For an \(m\times m\) cyclic matrix \({\mathcal {A}}\), with possibly complex-valued matrix entries, its complex-valued eigenvectors \(\tilde{\mathbf {v}}_j\) and eigenvalues \(\alpha _j\) are \(\alpha _j = \sum \nolimits _{k=1}^m {\mathcal {A}}_{1k} \omega _j^{k-1}\) and \(\tilde{\mathbf {v}}_j = \left( 1,\omega _j, ..., \omega _j^{m-1}\right) ^T\), for \(j = 1,\ldots , m\). Here \(\omega _j \equiv \exp {\left( \frac{2\pi i(j-1)}{m}\right) }\) and \({{\mathcal {A}}}_{1k}\), for \(k=1,\ldots ,m\), are the elements of the first row of \({{\mathcal {A}}}\).
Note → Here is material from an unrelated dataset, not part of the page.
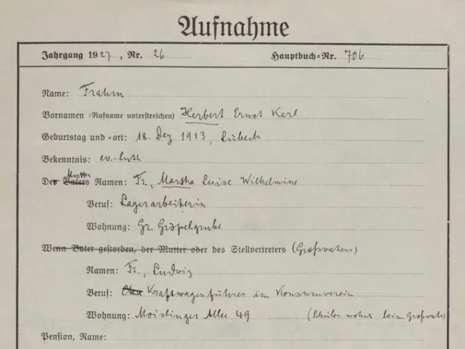 Anmeldung von Herbert Frahm zur Großheimschen Realschule in Lübeck, 5. März 1927
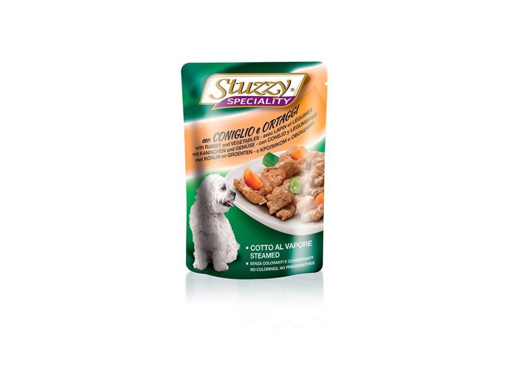 Stuzzy Dog Speciality - králik so zeleninou je mokrá strava pre dospelých psov malých plemien s vynikajúcou chutnosťou.Dodatočné parametre

Since \({{\mathcal {A}}}\) is also a symmetric matrix, we have \({{\mathcal {A}}}_{1,j}={{\mathcal {A}}}_{1,m+2-j}\), for \(j=2,\ldots ,\lceil m/2\rceil \), where the ceiling function \(\lceil x \rceil \) is defined as the smallest integer not less than x. Consequently, \(\alpha _j=\alpha _{m+2-j}\), for \(j=2,\ldots ,\lceil m/2\rceil \), so that there are \(m-1\) eigenvalues with a multiplicity of two when m is odd, and \(m-2\) such eigenvalues when m is even. As a result, it follows that \(\frac{1}{2}\left[ \tilde{\mathbf {v}}_j+\tilde{\mathbf {v}}_{m+2-j}\right] \) and \(\frac{1}{2i}\left[ \tilde{\mathbf {v}}_j-\tilde{\mathbf {v}}_{m+2-j}\right] \) are two independent real-valued eigenvectors of \({{\mathcal {A}}}\), corresponding to the eigenvalues of multiplicity two. In this way, the matrix spectrum of a cyclic and symmetric matrix \({{\mathcal {A}}}\), with the normalized eigenvectors \(\mathbf {v}_j^T\mathbf {v}_j=1\), is

$$\begin{aligned} \begin{aligned} \alpha _j&= \sum \limits _{k=1}^m {\mathcal {A}}_{1k} \cos \left( \theta _j (k-1)\right) \,, \quad j=1,\ldots ,m\,; \qquad \\ \theta _j&\equiv \frac{2\pi (j-1)}{m}\,; \qquad \mathbf {v}_1=\frac{1}{\sqrt{m}}\mathbf {e} \,, \\ \mathbf {v}_j&= \sqrt{\frac{2}{m}} \left( 1, \cos \left( \theta _j \right) , \ldots ,\cos \left( \theta _j (m-1) \right) \right) ^{T} \,, \quad \\ \mathbf {v}_{m+2-j}&= \sqrt{\frac{2}{m}} \left( 0, \sin \left( \theta _j \right) , \ldots , \sin \left( \theta _j (m-1) \right) \right) ^{T} \,, \end{aligned} \end{aligned}$$

(B.3)

for \(j = 2,\ldots , \lceil m/2\rceil \), where \(\theta _j\equiv {2\pi (j-1)/m}\). When m is even, there is an additional normalized eigenvector of multiplicity one given by \(\mathbf {v}_{{m/2}+1}=m^{-1/2}(1,-1,1,\ldots ,-1)^T\).